Professor Nelson’s work has also gained new attention as the result of an article by Suja A. Thomas bearing the startling title
Why Summary Judgment is Unconstitutional. For non-lawyers, summary judgment is a procedural device that defense lawyers use in civil cases (that is, non-criminal cases) to seek the dismissal of cases before they are presented to a jury. Under modern rules, if the relevant facts are undisputed, a judge is entitled to dismiss a case “as a matter of law” if the substantive law warrants it. For example, if a judge concludes that the wording of a written contract is unambiguous (not reasonably susceptible of more than one meaning), he may rule in favor of one party or the other. The jury is not involved.
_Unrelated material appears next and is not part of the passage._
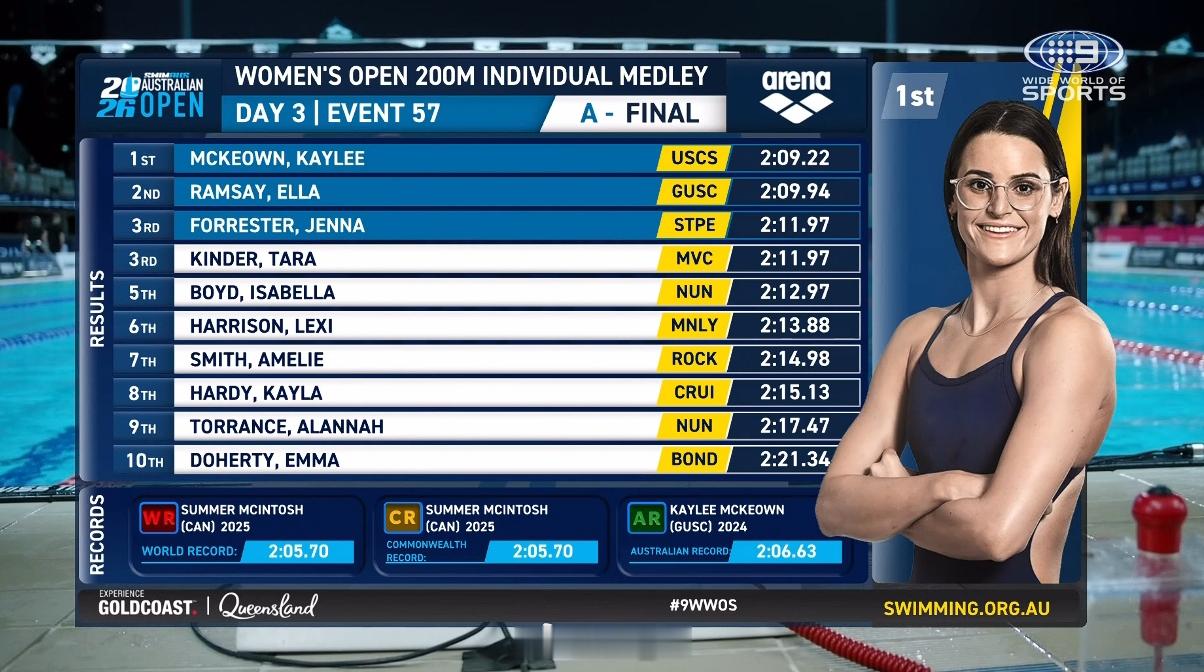 澳大利亚游泳公开赛 女200仰决赛Kaylee 2:09.22Ramsay 2:

Professor Thomas argues that the use of this procedure violates the
Seventh Amendment right to a jury trial in civil cases (“In suits at common law, where the value in controversy shall exceed twenty dollars, the right of trial by jury shall be preserved, and no fact tried by a jury, shall be otherwise reexamined in any court of the United States, than according to the rules of the common law.”). When the Seventh Amendment was ratified, she argues, juries decided both the facts and the law; it was practically impossible to obtain dismissal of cases unless a jury decided to so rule, and there was certainly no procedure akin to modern-day summary judgment. Thus, the right to a jury trial included the right to have a jury decide virtually every case -- including cases that are now dismissed before trial today.
It is obviously impossible, in the context of an already-long blog entry, to evaluate Professor Thomas’s claim. However, it is worth noting that the University of Iowa recently held a
symposium on the issue, with papers by both Professors Thomas and Nelson, among others.